TASK INSTRUCTIONS –
Give back, unaltered, the lines from the one with "本次比赛由专家组和学生组2组" to the end of the material, omitting pictures.

DATA BELOW –
---*---

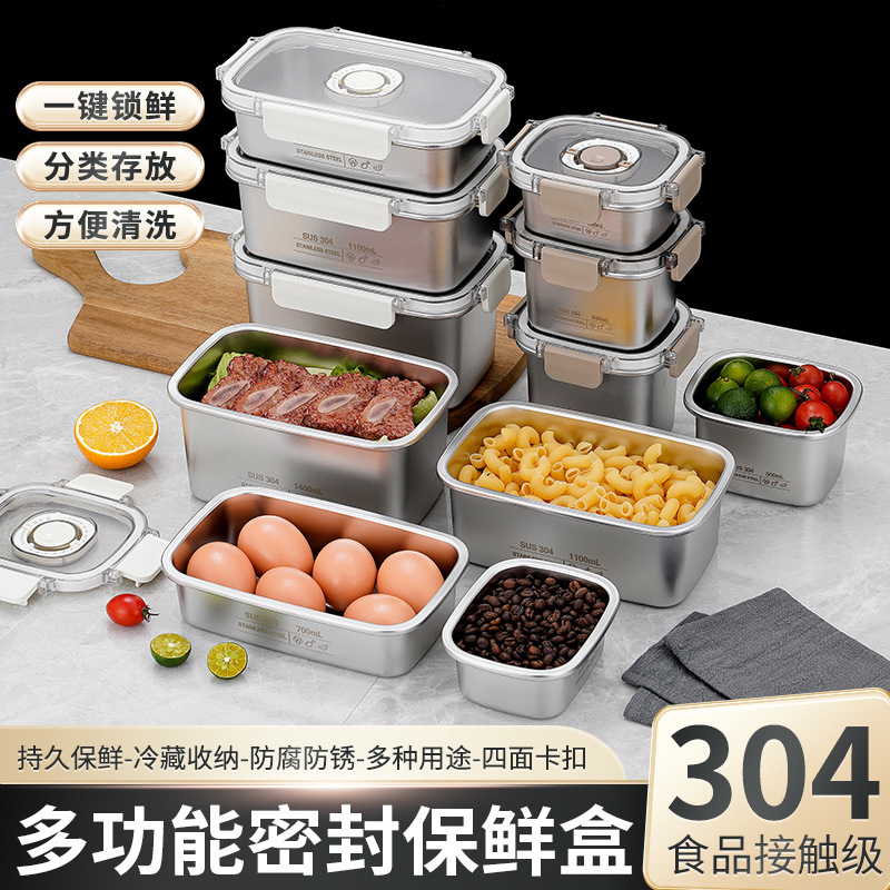 日本式304食品級鮮度保持ケースステンレス密封冷蔵庫収納ケース春遊果物弁当家庭用弁当箱
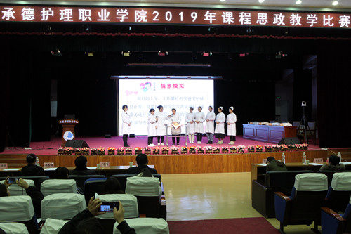 本次比赛由专家组和学生组2组评委组成,专家组评委由承德医学院于多珠教授、承德石油高等专科学校郭春娟教授、河北旅游职业学院孙玲玲副教授、教务处徐国辉处长、科研处吴建清处长、思政部徐鹏辉副主任、教学督导室于忠群老师等7名专家组成;学生组由各系部抽出的共20名学委组成,专家组分值占70%,学生组分值占30%,采取评委现场评分制。
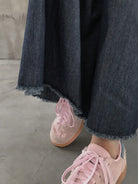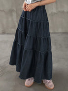 تنورة جينز نسائية من FRIFUL بخصر مرن من قماش الدنيم على شكل حرف A مع حافة مكشكشة
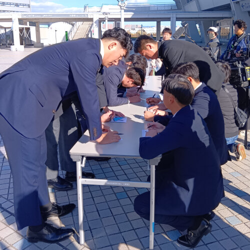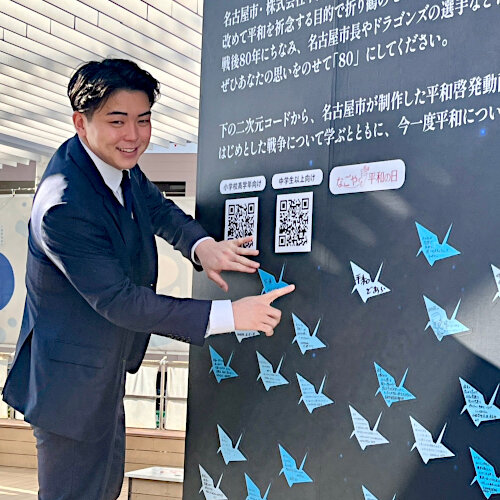 本日12月22日、オープンデッキ2ゲート前に設置中の平和祈念モニュメント『光の折り鶴』背景ボードにあるメッセージの一部貼り替えを行い、中日ドラゴンズ新入団選手分が追加されました(中西投手のみ12月9日に追加済み)。

---*---

RESPONSE TO THE TASK –
 本次比赛由专家组和学生组2组评委组成,专家组评委由承德医学院于多珠教授、承德石油高等专科学校郭春娟教授、河北旅游职业学院孙玲玲副教授、教务处徐国辉处长、科研处吴建清处长、思政部徐鹏辉副主任、教学督导室于忠群老师等7名专家组成;学生组由各系部抽出的共20名学委组成,专家组分值占70%,学生组分值占30%,采取评委现场评分制。
 تنورة جينز نسائية من FRIFUL بخصر مرن من قماش الدنيم على شكل حرف A مع حافة مكشكشة
 本日12月22日、オープンデッキ2ゲート前に設置中の平和祈念モニュメント『光の折り鶴』背景ボードにあるメッセージの一部貼り替えを行い、中日ドラゴンズ新入団選手分が追加されました(中西投手のみ12月9日に追加済み)。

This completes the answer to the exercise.